I'm not quite sure about how to handle the file upload part. Specifically, this being a put request, I do not have access to request.FILES since it does not exist in a PUT request.
So, some questions:
Can I leverage existing functionality in the HttpRequest class, specifically the part that handles file uploads? I know a direct PUT is not a multipart MIME request, so I don't think so, but it is worth asking.
How can I deduce the mime type of what is being sent? If I've got it right, a PUT body is simply the file without prelude. Do I therefore require that the user specify the mime type in their headers?
How do I extend this to large amounts of data? I don't want to read it all into memory since that is highly inefficient.

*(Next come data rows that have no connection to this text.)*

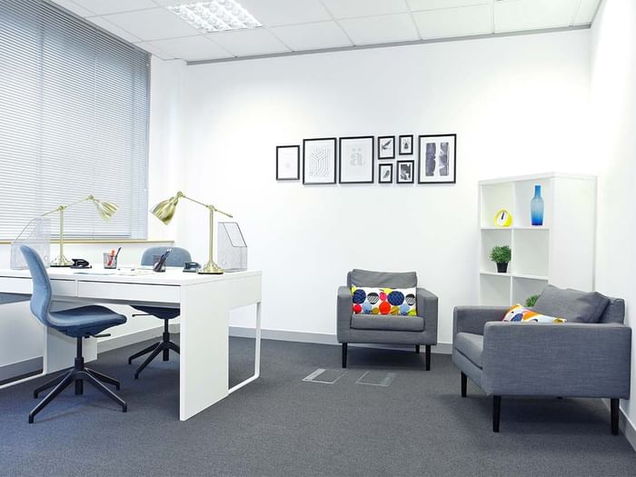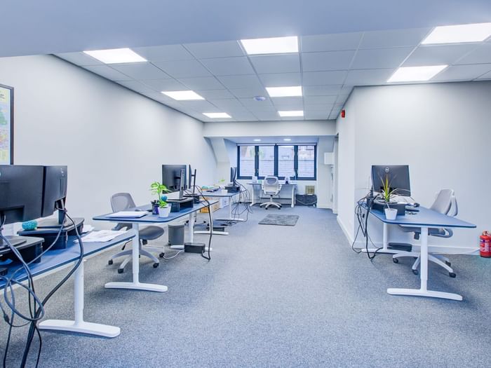 - Price for a monthly workstation in a private office: GBP £ 235 excluding charges / month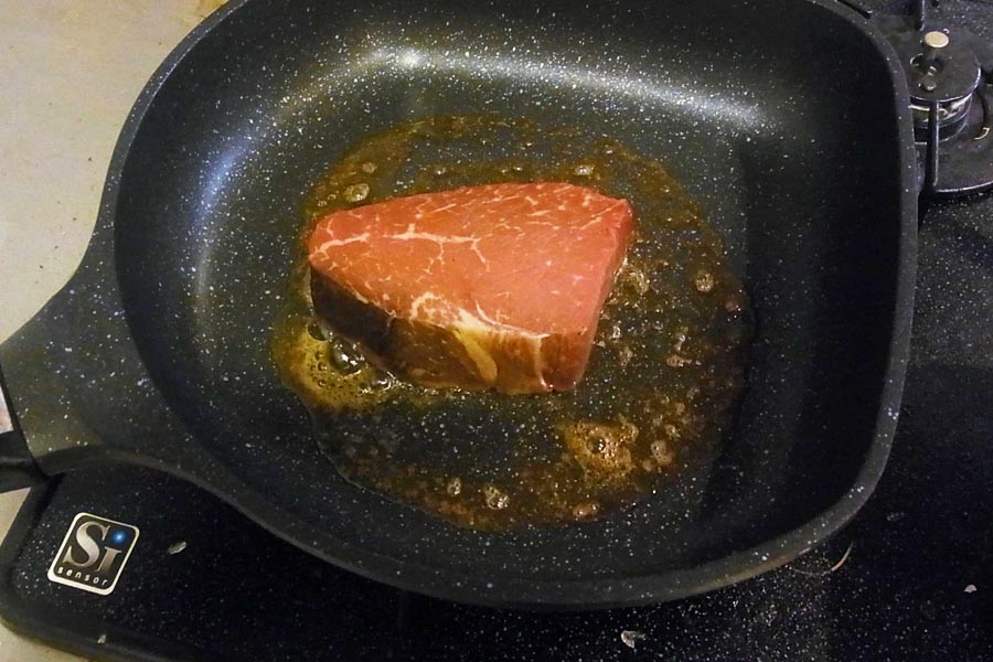 今夜は奮発してステーキ。おいしそうな香りが漂います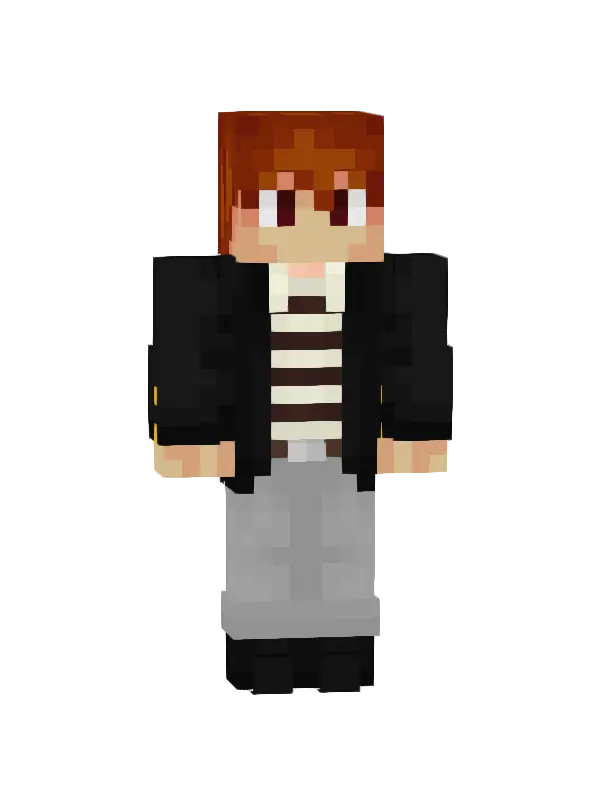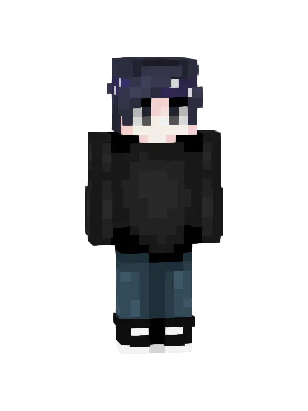 Skin Minecraft stylowego gracza z czarnymi i białymi włosami, czarną koszulką i fioletowymi spodniami. Idealny do wyróżnienia się w grze!

Ideally I'd do what TemporaryUploadFile and related code does - write it part at a time?
I've taken a look at this code sample which tricks Django into handling PUT as a POST request. If I've got it right though, it'll only handle form encoded data. This is REST, so the best solution would be to not assume form encoded data will exist. However, I'm happy to hear appropriate advice on using mime (not multipart) somehow (but the upload should only contain a single file).
Django 1.3 is acceptable. So I can either do something with request.raw_post_data or request.read() (or alternatively some other better method of access). Any ideas?
Django 1.3 is acceptable. So I can
either do something with
request.raw_post_data or
request.read() (or alternatively some
other better method of access). Any
ideas?
You don't want to be touching request.raw_post_data - that implies reading the entire request body into memory, which if you're talking about file uploads might be a very large amount, so request.read() is the way to go. You can do this with Django <= 1.2 as well, but it means digging around in HttpRequest to figure out the the right way to use the private interfaces, and it's a real drag to then ensure your code will also be compatible with Django >= 1.3.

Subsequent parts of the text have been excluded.